_Exercise details_
From the line containing "Dự thảm đỏ liên" down to the line containing "A collection of" in the records below, reproduce every line exactly, ends included, and omit all others.

*** Begin section ***

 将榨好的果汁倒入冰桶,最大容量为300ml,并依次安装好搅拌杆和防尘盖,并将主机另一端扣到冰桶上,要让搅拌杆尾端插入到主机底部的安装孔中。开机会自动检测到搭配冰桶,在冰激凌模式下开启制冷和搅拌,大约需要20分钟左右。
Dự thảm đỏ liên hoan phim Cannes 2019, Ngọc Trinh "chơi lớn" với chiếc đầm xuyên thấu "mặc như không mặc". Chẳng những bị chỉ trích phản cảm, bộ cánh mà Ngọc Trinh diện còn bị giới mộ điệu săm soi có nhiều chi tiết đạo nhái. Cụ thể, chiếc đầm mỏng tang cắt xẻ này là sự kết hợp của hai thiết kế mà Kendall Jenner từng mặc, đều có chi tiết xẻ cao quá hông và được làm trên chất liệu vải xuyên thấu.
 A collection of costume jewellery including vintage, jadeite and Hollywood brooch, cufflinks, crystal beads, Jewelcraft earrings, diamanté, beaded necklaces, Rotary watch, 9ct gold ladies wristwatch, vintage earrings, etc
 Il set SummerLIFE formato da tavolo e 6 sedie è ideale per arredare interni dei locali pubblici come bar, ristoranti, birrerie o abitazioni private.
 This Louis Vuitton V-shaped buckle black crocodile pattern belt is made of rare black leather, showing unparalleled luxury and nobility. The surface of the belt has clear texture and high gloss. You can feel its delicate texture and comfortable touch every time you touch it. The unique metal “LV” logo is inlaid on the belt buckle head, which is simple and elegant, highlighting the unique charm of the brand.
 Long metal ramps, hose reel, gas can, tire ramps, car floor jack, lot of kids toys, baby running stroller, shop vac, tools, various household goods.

*** End section ***
*** Begin section ***

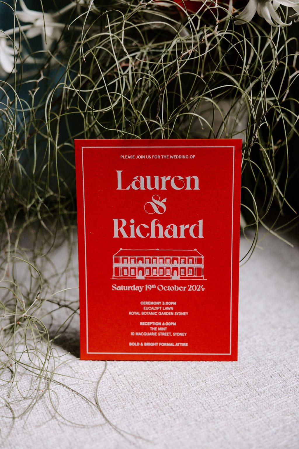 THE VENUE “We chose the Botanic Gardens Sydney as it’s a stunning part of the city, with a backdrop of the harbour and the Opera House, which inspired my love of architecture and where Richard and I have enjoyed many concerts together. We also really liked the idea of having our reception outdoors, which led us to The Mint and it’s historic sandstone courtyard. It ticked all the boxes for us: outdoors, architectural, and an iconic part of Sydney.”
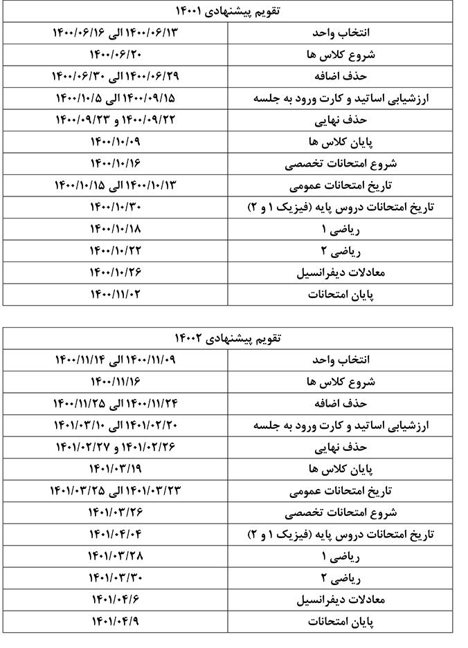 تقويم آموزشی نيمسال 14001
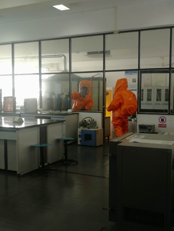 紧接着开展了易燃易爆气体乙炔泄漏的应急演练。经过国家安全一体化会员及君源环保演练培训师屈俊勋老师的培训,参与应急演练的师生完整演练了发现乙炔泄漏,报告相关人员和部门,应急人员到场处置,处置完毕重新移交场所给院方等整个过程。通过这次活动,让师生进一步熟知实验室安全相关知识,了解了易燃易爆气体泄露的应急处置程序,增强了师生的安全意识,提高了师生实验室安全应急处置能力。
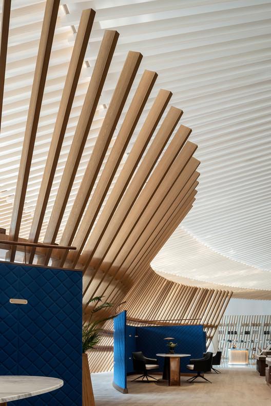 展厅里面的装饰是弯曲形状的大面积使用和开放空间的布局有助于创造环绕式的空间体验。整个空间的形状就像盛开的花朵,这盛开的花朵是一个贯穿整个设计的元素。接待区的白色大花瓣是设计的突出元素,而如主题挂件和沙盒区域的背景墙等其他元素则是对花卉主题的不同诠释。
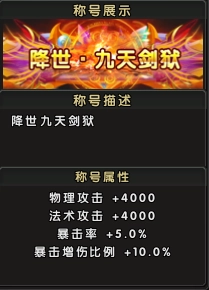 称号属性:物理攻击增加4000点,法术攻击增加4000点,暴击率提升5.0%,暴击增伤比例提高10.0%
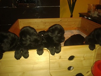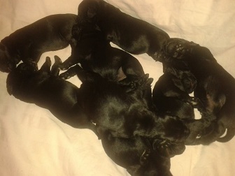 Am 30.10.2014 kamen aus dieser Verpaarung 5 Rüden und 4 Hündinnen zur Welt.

*** End section ***
*** Begin section ***

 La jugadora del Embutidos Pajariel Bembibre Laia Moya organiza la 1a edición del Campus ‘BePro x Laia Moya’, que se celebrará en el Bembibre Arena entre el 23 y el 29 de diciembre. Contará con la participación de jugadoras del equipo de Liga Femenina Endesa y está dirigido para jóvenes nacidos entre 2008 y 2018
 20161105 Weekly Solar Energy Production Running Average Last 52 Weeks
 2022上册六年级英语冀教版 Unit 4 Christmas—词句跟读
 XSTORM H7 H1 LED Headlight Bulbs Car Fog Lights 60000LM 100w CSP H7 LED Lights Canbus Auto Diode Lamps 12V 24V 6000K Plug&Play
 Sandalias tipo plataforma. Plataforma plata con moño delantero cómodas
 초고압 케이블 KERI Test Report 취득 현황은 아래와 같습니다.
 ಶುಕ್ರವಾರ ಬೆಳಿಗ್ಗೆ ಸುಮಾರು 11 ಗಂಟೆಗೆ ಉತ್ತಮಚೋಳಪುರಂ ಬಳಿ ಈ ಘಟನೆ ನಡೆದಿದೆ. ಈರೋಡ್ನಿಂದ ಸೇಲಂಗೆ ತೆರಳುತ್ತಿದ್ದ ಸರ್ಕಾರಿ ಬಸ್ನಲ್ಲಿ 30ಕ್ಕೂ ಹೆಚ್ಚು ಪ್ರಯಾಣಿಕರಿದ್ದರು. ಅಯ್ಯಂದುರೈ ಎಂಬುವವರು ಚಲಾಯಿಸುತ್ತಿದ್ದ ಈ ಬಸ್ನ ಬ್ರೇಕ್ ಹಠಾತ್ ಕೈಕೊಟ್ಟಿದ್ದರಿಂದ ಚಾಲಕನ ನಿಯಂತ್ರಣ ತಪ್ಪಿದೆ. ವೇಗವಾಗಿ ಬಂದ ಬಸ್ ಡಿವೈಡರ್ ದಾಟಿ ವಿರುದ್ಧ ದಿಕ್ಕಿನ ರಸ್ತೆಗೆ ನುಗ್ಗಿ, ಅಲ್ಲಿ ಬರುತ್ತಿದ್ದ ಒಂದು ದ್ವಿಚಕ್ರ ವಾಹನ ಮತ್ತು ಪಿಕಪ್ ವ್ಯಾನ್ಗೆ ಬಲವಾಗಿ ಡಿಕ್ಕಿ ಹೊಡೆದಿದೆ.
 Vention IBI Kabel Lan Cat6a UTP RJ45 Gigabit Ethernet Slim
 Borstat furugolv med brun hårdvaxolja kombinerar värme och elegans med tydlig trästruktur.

*** End section ***

_Finished exercise_
Dự thảm đỏ liên hoan phim Cannes 2019, Ngọc Trinh "chơi lớn" với chiếc đầm xuyên thấu "mặc như không mặc". Chẳng những bị chỉ trích phản cảm, bộ cánh mà Ngọc Trinh diện còn bị giới mộ điệu săm soi có nhiều chi tiết đạo nhái. Cụ thể, chiếc đầm mỏng tang cắt xẻ này là sự kết hợp của hai thiết kế mà Kendall Jenner từng mặc, đều có chi tiết xẻ cao quá hông và được làm trên chất liệu vải xuyên thấu.
 A collection of costume jewellery including vintage, jadeite and Hollywood brooch, cufflinks, crystal beads, Jewelcraft earrings, diamanté, beaded necklaces, Rotary watch, 9ct gold ladies wristwatch, vintage earrings, etc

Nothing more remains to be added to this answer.